Getting to know Sophia – a conversation

Sophia Nugent-Siegal

Sophia, in hospital, 2013

Why should you wish to find out about this young woman who died at the age of 22?

In fact, Sophia has, for someone so young, left a substantial body of work—work which, at this cusp of two centuries, is acutely aware of its place within time, looking both forwards and backwards in history.

Moreover, Sophia was a thoughtful and astute observer of the world around her, with a wisdom that really was beyond her years.

I wish I was like Boswell and had jotted down Sophia’s conversation, as Boswell did Johnson’s—but I did not. I did not expect my beautiful daughter, my vivid, vibrant Sophie, to die at the age of 22. I hoped that she would have so much more of life to record for herself all she wished to say.

Quite simply, what Sophie had to say was worth listening to. She was such an entertaining and engaging conversationalist—funny, learned, insightful. She made every day intellectually stimulating, every day meaningful and alive. Sophie had a way of threading knowledge and scholarship into contemporary life that gave depth and significance to the most ordinary experience.

Sophie's wall

Part of the wall where Sophia put up images that interested her—Audrey Hepburn, for example, here perched elegantly beside TS Eliot and John Cleese.

Discussions could range over politics, philosophy, poetics, theology, history, art, classic films, fashion, science fiction and cult TV (broadly defined into the new technologies where Sophie saw a lot of the sharp edge of contemporary creativity taking place).

What would philosopher John Locke have to say about the Cylons in Battlestar Galactica, with their separate experience but at least partially shared access to memory, given his concept of memory as necessary to identity? To what extent is Gaius Baltar in BSG a clever re-working of the Odysseus character (“the man of twists and turns”, Soph would say, quoting Homer), a flawed everyman on a starship? Charles Dickens would probably be working in TV if he was alive, but in which genre? Period dramas? Crime series? Reality TV? Gloomy BBC adaptations of social realist novels? Or slightly weird, hallucinogenic puzzlers like Life on Mars? America is often seen as a re-boot of ancient Rome, but isn’t its worldview really more reflective of the agonistic imperatives of Classical Athens? Western Europe has spent centuries avoiding contemplating the civilisational impact of The Great Schism (between Orthodox and Catholic churches), Russia however has a very different perspective—will the next two hundred years see Russia positioning itself within Europe as inheritor of the mantle of a “re-imagined” Christendom? The twenty-first century is most likely going to see the rise of empires with far longer historical memories than the West, what will post-post-modernist thought have to say about relativism in a world where cultural assertion is inevitably going to be a geopolitical goal? If you were escaping a cataclysm, like one of the scholars fleeing the destruction of Byzantium’s Constantinople by the invading Islamic armies of the Turks, which precious texts would you pack in your saddlebags (in an historian’s take on Desert Island Discs)? What books are so important to you—as in Bradbury’s Fahrenheit 451—that you would risk your very life to save them?

SophiaThese are some of the conversations with Sophie I have had, the kinds of discussions one had with Sophie on a daily basis. A conversation with her was an intellectual roller coaster, exhilarating, never trivial, sometimes confronting, always thought-provoking—you just had to hang on for the ride!

And Sophie made me laugh.
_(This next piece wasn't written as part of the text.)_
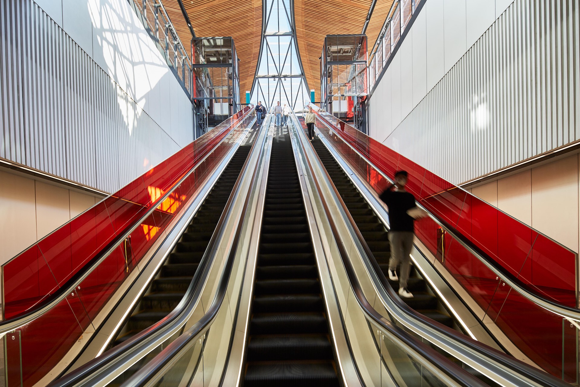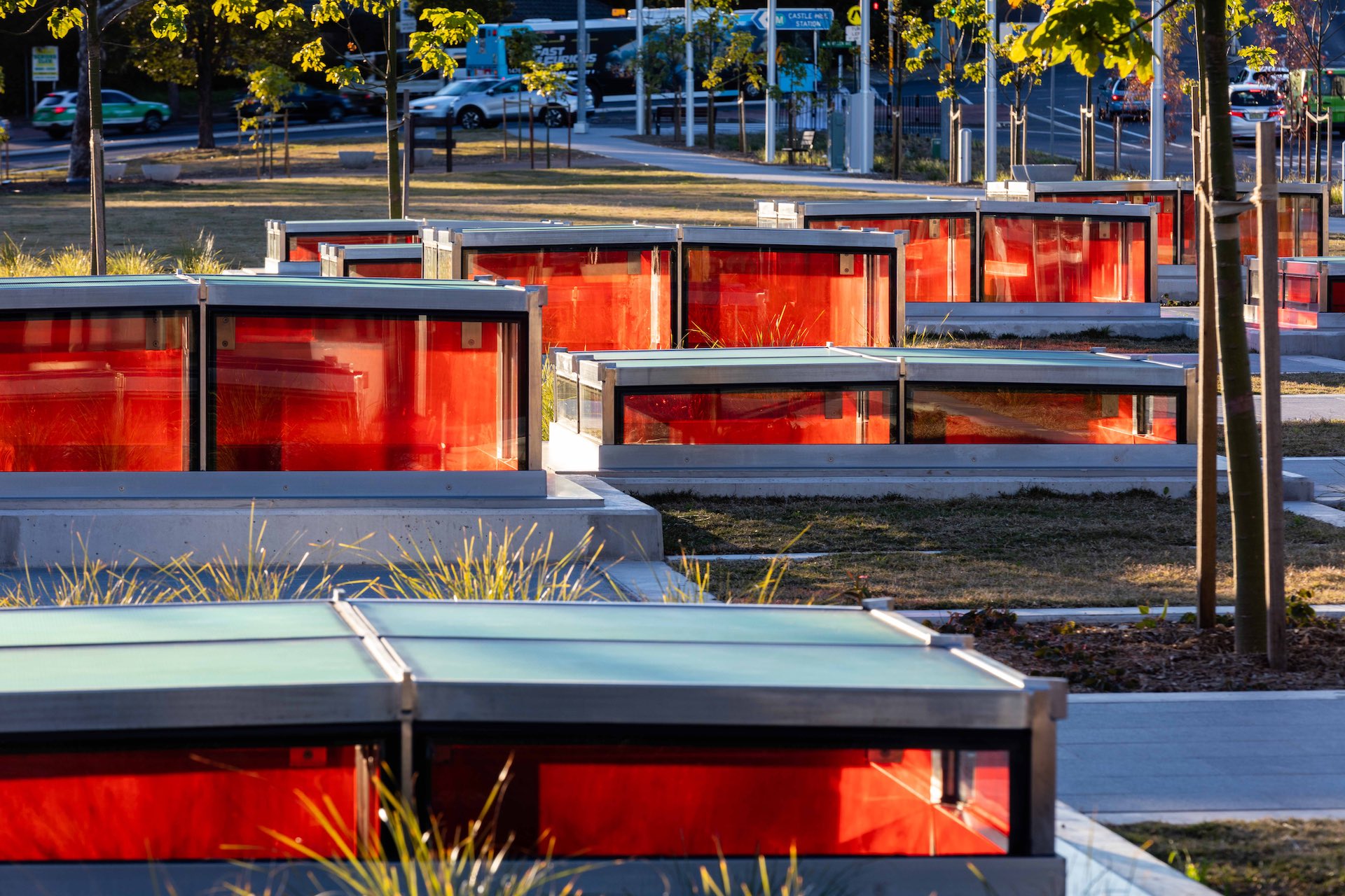 Castle Hill’s signature red is in the transparent coloured glass of the Skylight Lanterns and the Colourways lifts and escalators, the Light Line programmed platform installation, the Social Sphere sculptural furniture arranged in the station plaza and park above, the red, spring flowers of the deciduous Illawarra flame trees (Brachychiton acerifolius) and summer flowering dusky coral pea (Kennedia rubicunda) understory planting.

I hear her amused, scholarly yet youthful voice when I read the blog posts she wrote (too few—she was too busy really to devote much time to it). When she says, dryly, of Game of Thrones (the TV series), that “…I could watch Cersei and Tyrion move chairs with sarcastic expressions for a whole episode”, it makes me laugh still—and I miss terribly the wise and witty young woman who wrote it.

The people who come to this website will never have met her, she is a stranger to you—however, here you will find Sophia in her life and thought, especially in the selection from her work, in her own words.

I wish you had known her. Perhaps some of you will find that you feel you do.